#### [EXERCISE REQUIREMENTS]
In the records below, the relevant part opens with the line containing "AUDE. Grand parchemin" and closes with the line containing "这里我们有必要说一下 KataGo,正如本文所说的,他们在撰写本文时,KataGo 还是最强大的公开围棋"; print that part exactly and only, without its pictures.

#### [DATA SHOWN]
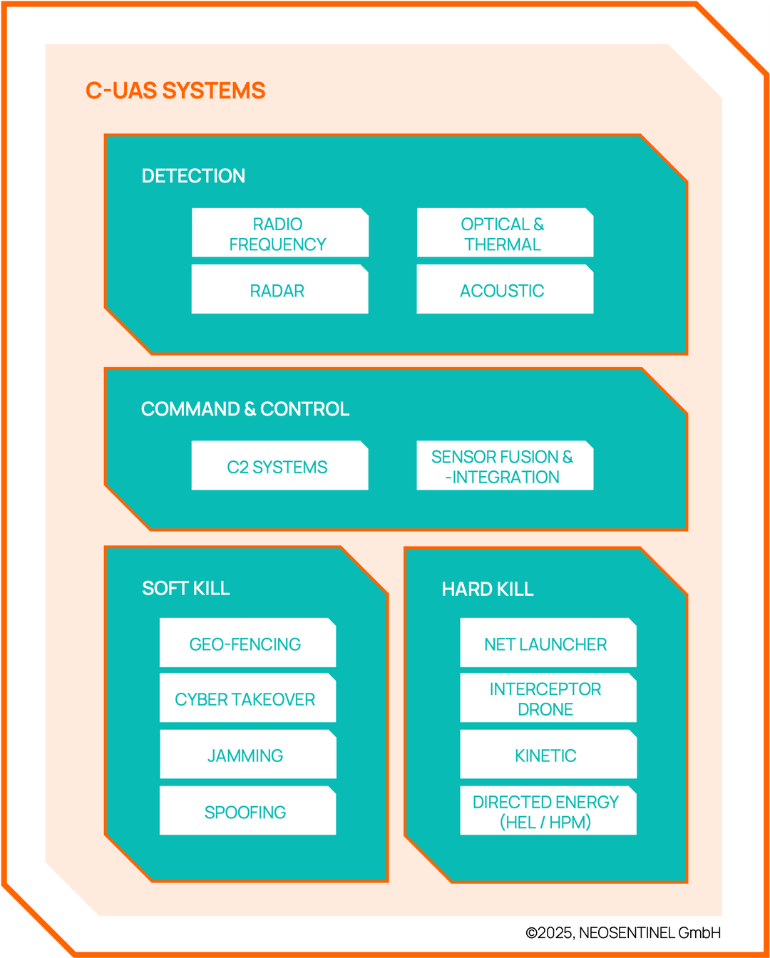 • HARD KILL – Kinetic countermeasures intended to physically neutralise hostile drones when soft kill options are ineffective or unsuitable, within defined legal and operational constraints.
--
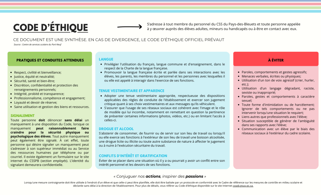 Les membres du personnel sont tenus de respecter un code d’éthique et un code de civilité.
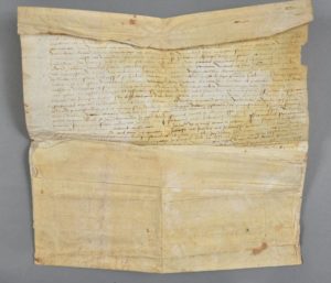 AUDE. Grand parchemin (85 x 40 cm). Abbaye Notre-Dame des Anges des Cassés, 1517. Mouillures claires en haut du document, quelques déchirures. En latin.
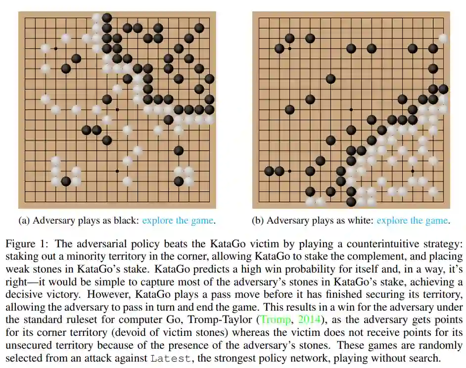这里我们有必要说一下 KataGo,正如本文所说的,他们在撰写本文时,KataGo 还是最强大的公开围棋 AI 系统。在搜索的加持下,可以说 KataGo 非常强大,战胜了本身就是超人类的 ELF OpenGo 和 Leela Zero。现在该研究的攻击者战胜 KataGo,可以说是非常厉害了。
* * *
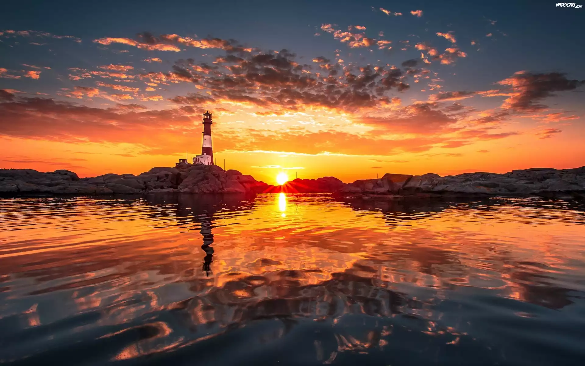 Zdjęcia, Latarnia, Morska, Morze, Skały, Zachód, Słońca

#### [PROBLEM SOLUTION]
 AUDE. Grand parchemin (85 x 40 cm). Abbaye Notre-Dame des Anges des Cassés, 1517. Mouillures claires en haut du document, quelques déchirures. En latin.
这里我们有必要说一下 KataGo,正如本文所说的,他们在撰写本文时,KataGo 还是最强大的公开围棋 AI 系统。在搜索的加持下,可以说 KataGo 非常强大,战胜了本身就是超人类的 ELF OpenGo 和 Leela Zero。现在该研究的攻击者战胜 KataGo,可以说是非常厉害了。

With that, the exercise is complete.